Team Solent F.C.
- Full name: Team Solent Football Club
- Nickname: The Sparks
- Founded: 2005
- Dissolved: 2020
- Ground: Test Park Sports Ground Southampton
| Home colours | Away colours |

= Solent University F.C. =

Association football club in England

Team Solent F.C. was a football club attached to Solent University, based in Southampton, Hampshire. They were affiliated to the Hampshire Football Association, as a FA Charter Standard club and from 2011-20 were members of the Wessex League.

==History==
Team Solent were formed in 2005 as the competitive sporting arm of Southampton Solent University.

A side was entered in the Southampton League and enjoyed immediate success winning trophies galore, before becoming a founder member of the Hampshire Premier League in 2007. They were winners of the inaugural League Cup in 2008 and won their first Southampton Senior Cup in 2009. Further successes followed, and after moving to a redeveloped Test Park, they won promotion to the Wessex League Division One in 2011. The next few seasons, saw Team Solent narrowly miss out on promotion before going up in 2015 as champions. They quickly adjusted to life in the Premier Division and in 2016 won the Southampton Senior Cup for the fourth time and also the Wessex League Cup. In 2017 Team Solent enjoyed an extended run in the national FA Vase, reaching Round 5 before going down 2-5 at home against eventual winners South Shields.

In 2019, the club was renamed Solent University FC but on 10th June 2020, they were suddenly withdrew with the University citing the "changing landscape of Higher Education which has caused a realignment of the priorities and the desire to support other sporting ambitions" as the reason for this decision.

Solent University continue to run student sides in the national BUCS (British University & Colleges Sports) competitions.

==Honours==

- Wessex League
  - Division 1 Champions 2014/15
  - League Cup Winners 2015/16
- Hampshire Premier League
  - Senior Division Runners-up 2009/10 and 2010/11
  - League Cup Winners 2007/08 and 2010/11
- Hampshire Football Association
  - Junior 'A' Cup Winners 2005/06
- Southampton Football Association
  - Senior Cup Winners 2008/09, 2010/11, 2014/15 and 2015/16
  - Senior Cup Finalists 2009/10 and 2016/17
  - Junior 'A' Cup Winners 2005/06
- Southampton League
  - Senior Division 1 Champions 2006/07
  - Junior Division 1 Champions 2005/06

==League record 2005-20==

| Season | Division | Position | Significant events |
|---|---|---|---|
| 2005-07 | Southampton League | - |  |
| 2007/08 | Hampshire Premier League | 8/17 | Founder Members + League Cup winners |
| 2008/09 | Hampshire Premier League | 3/18 | Southampton Senior Cup winners |
| 2009/10 | Hampshire Premier League | 2/18 | Southampton Senior Cup finalists |
| 2010/11 | Hampshire Premier League | 2/18 | Promoted. Southampton Senior Cup & League Cup winners |
| 2011/12 | Wessex League Division 1 | 3/18 |  |
| 2012/13 | Wessex League Division 1 | 3/18 |  |
| 2013/14 | Wessex League Division 1 | 6/17 |  |
| 2014/15 | Wessex League Division 1 | 1/15 | Promoted. Southampton Senior Cup winners |
| 2015/16 | Wessex League Premier Division | 7/21 | Southampton Senior Cup & League Cup winners |
| 2016/17 | Wessex League Premier Division | 7/22 | Reached Round 5 of FA Vase & Southampton Senior Cup finalists |
| 2017/18 | Wessex League Premier Division | 17/22 |  |
| 2018/19 | Wessex League Premier Division | 11/20 |  |
| 2019/20 | Wessex League Premier Division | 0/20 | Season abandoned due to COVID-19 pandemic. Left competition |

==Ground==
The club's home ground was Test Park Sports Ground, Lower Brownhill Road, Southampton SO16 9QZ. The record attendance was in 2017 when over 800 attended the FA Vase 5th round tie against South Shields.
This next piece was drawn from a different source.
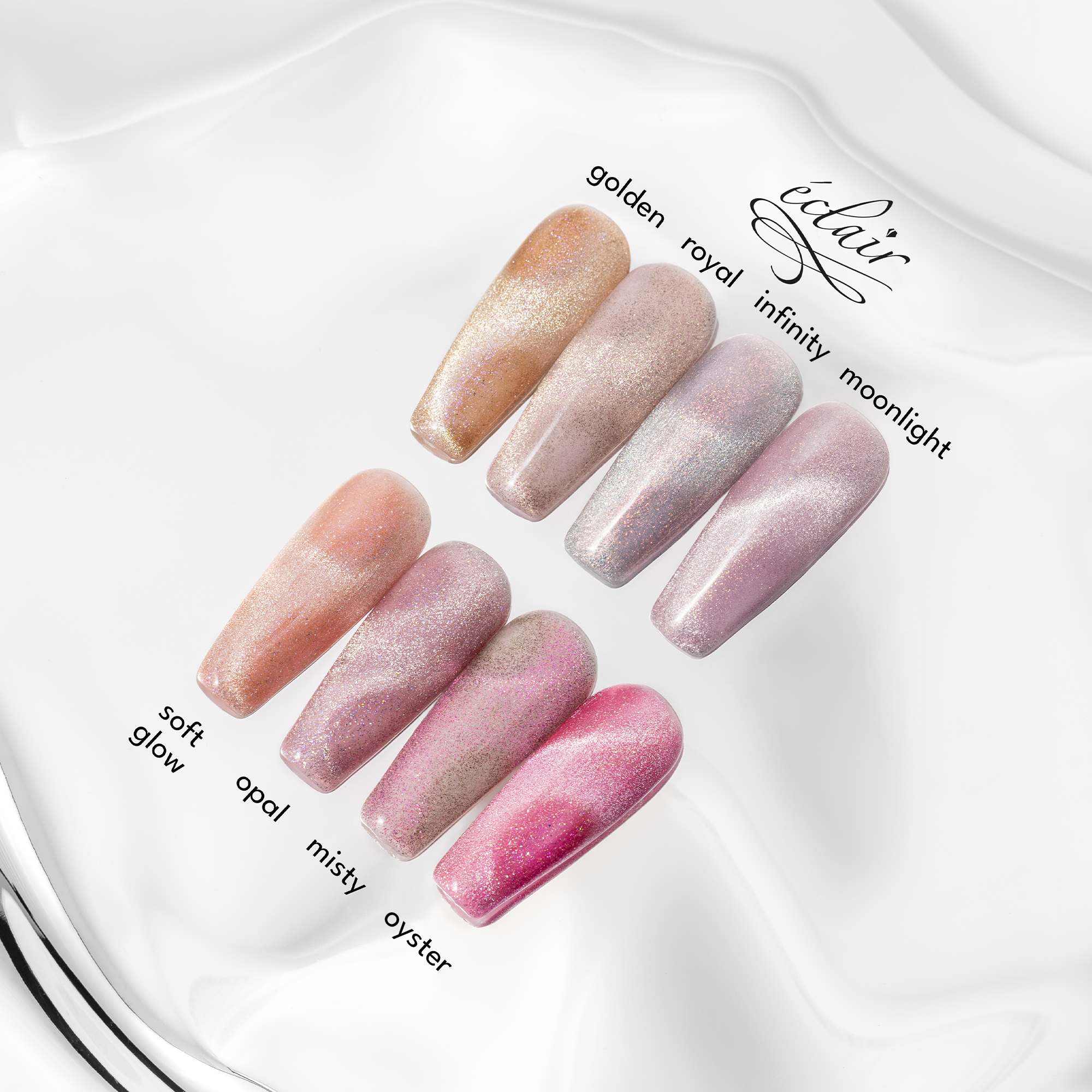 Holograficzne drobinki w OPAL dają opalizujący błysk, który zmienia się kątowo. W zależności od światła pojawiają się tony od chłodniejszych fioletów po cieplejsze złoto. Wykończenie cat eye dodaje magnetyczną smugę, dzięki czemu refleks ma kierunek i wygląda bardziej uporządkowanie, a nie jak przypadkowe migotanie.

The venue has several pitches (including an artificial one) and remains very much in use today. In 2021 Wessex League football returned when neighbours Millbrook took up residence.

==Notable players==
Team Solent had some fine players during their short history, including some former academy players from various professional clubs - such as Jesse Waller-Lassen from Tottenham Hotspur. During their Wessex League days their player-manager was James Taylor, a vastly experienced semi-professional.

==Local rivalries==
Team Solent had a number of rivals during various stages of their existence as they made rapid progress up through the local pyramid system. These included neighbours Bush Hill and QK Southampton whilst in the Hampshire Premier League, then Totton & Eling and Romsey Town - their closest rivals in the Wessex League.